Data shown
[Start of Attachment]

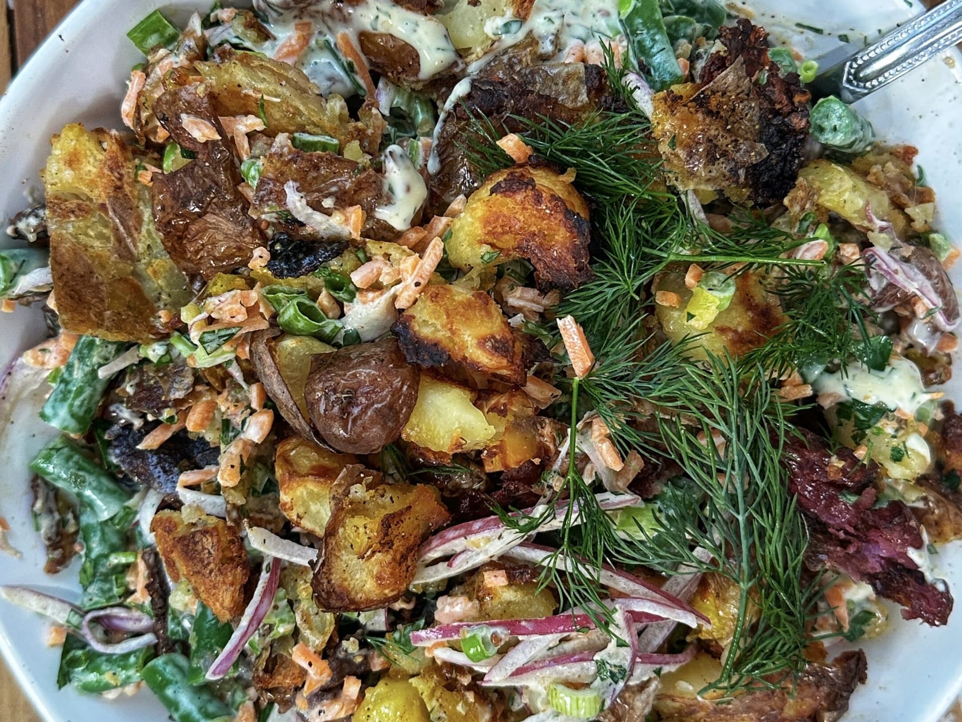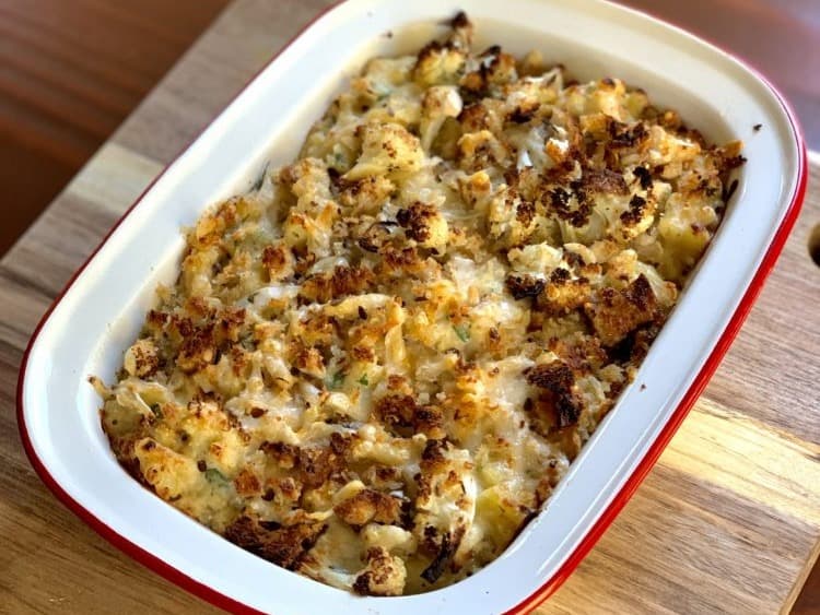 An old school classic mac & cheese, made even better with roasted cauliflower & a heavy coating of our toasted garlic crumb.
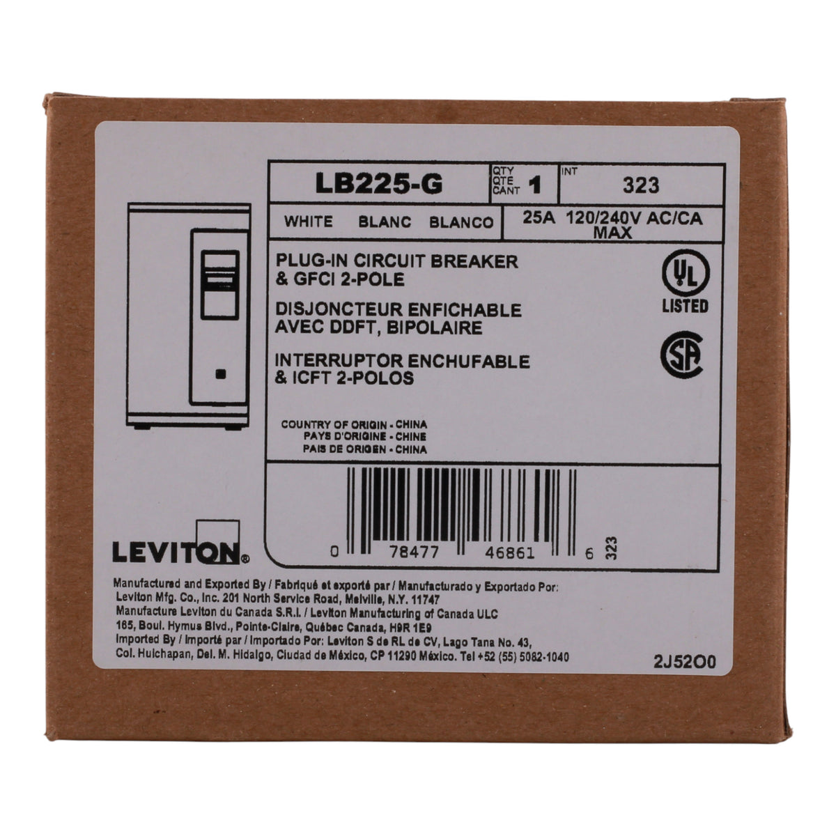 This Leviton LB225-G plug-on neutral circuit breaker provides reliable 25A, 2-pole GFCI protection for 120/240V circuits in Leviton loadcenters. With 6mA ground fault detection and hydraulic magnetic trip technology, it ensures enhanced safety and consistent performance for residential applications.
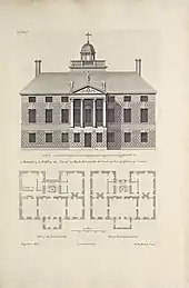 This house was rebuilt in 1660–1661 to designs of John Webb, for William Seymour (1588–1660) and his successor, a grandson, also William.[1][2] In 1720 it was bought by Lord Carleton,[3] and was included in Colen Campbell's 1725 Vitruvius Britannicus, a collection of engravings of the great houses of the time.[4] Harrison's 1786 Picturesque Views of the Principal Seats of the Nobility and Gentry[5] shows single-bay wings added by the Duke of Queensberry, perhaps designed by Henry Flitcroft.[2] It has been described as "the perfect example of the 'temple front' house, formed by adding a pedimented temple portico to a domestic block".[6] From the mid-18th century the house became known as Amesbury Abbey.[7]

[End of Attachment]

What needs to be done
The answer is the listing above repeated verbatim, minus its images.

The completed task
 An old school classic mac & cheese, made even better with roasted cauliflower & a heavy coating of our toasted garlic crumb.
 This Leviton LB225-G plug-on neutral circuit breaker provides reliable 25A, 2-pole GFCI protection for 120/240V circuits in Leviton loadcenters. With 6mA ground fault detection and hydraulic magnetic trip technology, it ensures enhanced safety and consistent performance for residential applications.
 This house was rebuilt in 1660–1661 to designs of John Webb, for William Seymour (1588–1660) and his successor, a grandson, also William.[1][2] In 1720 it was bought by Lord Carleton,[3] and was included in Colen Campbell's 1725 Vitruvius Britannicus, a collection of engravings of the great houses of the time.[4] Harrison's 1786 Picturesque Views of the Principal Seats of the Nobility and Gentry[5] shows single-bay wings added by the Duke of Queensberry, perhaps designed by Henry Flitcroft.[2] It has been described as "the perfect example of the 'temple front' house, formed by adding a pedimented temple portico to a domestic block".[6] From the mid-18th century the house became known as Amesbury Abbey.[7]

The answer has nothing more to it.